If LABEL=NONE, no points are labelled; if
LABEL=ALL, all points are labelled; otherwise
(LABEL=INFL) only potentially influential
observations (those with large leverage values
or large studentized residuals) are labelled.
- OUT =
- Name of the output data set containing
partial residuals. This data set contains
( p + 1 ) pairs of variables, where
p is the number of XVAR= variables.
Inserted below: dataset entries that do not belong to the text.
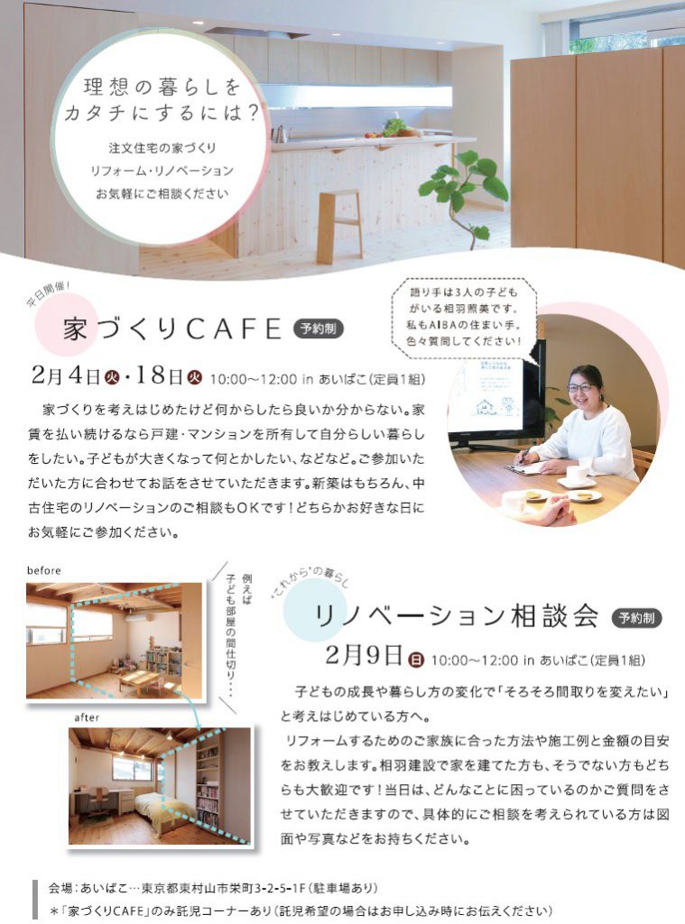 家づくりCAFE 第1・3火曜日/第2日曜日 開催
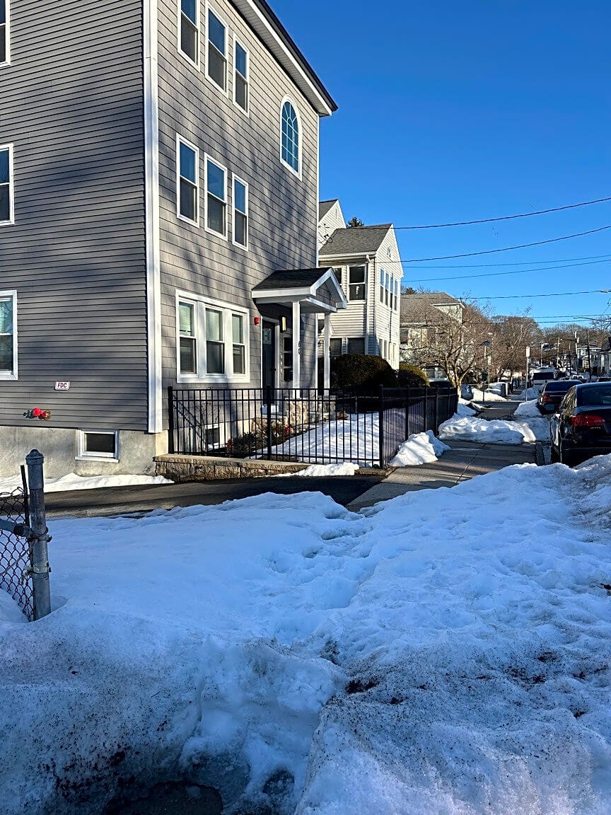 440 washington street brighton ma 02135 Thick ice Slippery No salt Everyone falling kids getting off school
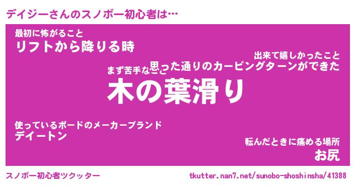 | 意味不明あだ名 | 『ペロリンデイジー』『永久保存デイジー』 |
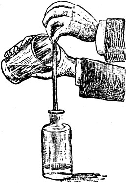 Я хочу привести еще один пример, подтверждающий существование такой упругой перепонки на поверхности воды. Попробуйте налить воду из стакана в узкогорлую бутылку. Вы знаете, что если вы будете наливать медленно, то почти вся вода станет стекать по стенке стакана и будет литься мимо бутылки; если же вы станете лить быстро, то в узком горлышке бутылки не хватит места сразу для большого количества воды, и она опять-таки прольется мимо. Но если вы возьмете какой-нибудь прутик или стеклянную палочку, и прислоните ее к краю стакана, то вода будет отекать по палочке в бутылку и ничего не прольется (рис. 6); вы можете даже держать палочку наклонно, как это я делаю сейчас, и вода все же будет течь по палочке, потому что упругая перепонка внешнего слоя образует своего рода трубку, которая не дает воде проливаться.
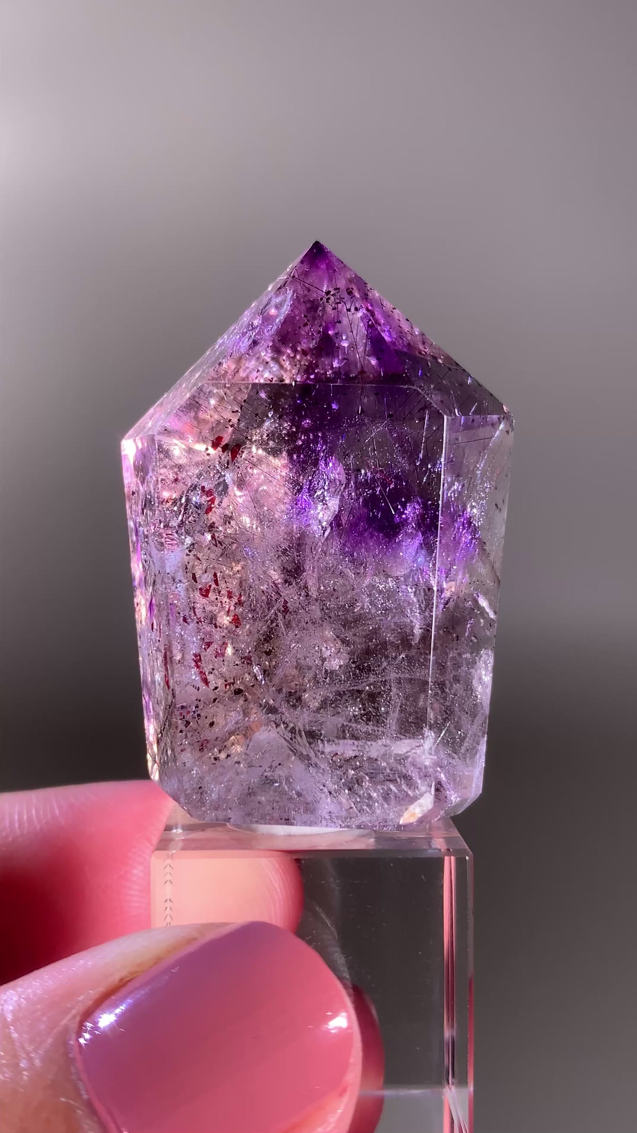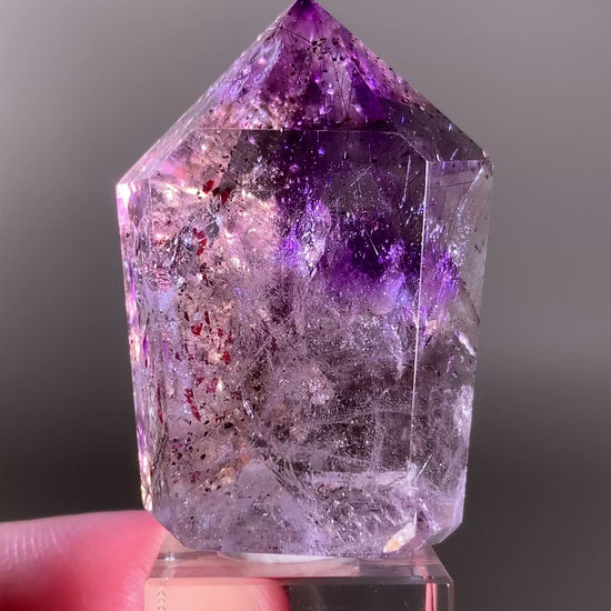 This Super Seven polished tower from Madagascar features the natural combination of amethyst, clear quartz, smoky quartz, cacoxenite, goethite, lepidocrocite, and rutile within a single crystal. The layered inclusions create rich color, depth, and texture, all beautifully revealed by a smooth, glossy polish. This piece is perfect for display and for collectors who appreciate complex, multi-mineral specimens.

The
partial residuals for the intercept are named
UINTCEPT and VINTCEPT. If XVAR=X1 X2 X3, the
partial residuals for X1 are named UX1 and VX1,
and so on. In each pair, the U variable
contains the partial residuals for the
independent (X) variable, and the V variable
contains the partial residuals for the
dependent (Y) variable.
- HTEXT
- Specifies the height of text labels in the
plots.
- PLOTS=&XVAR
- Specifies which partial plots to produce.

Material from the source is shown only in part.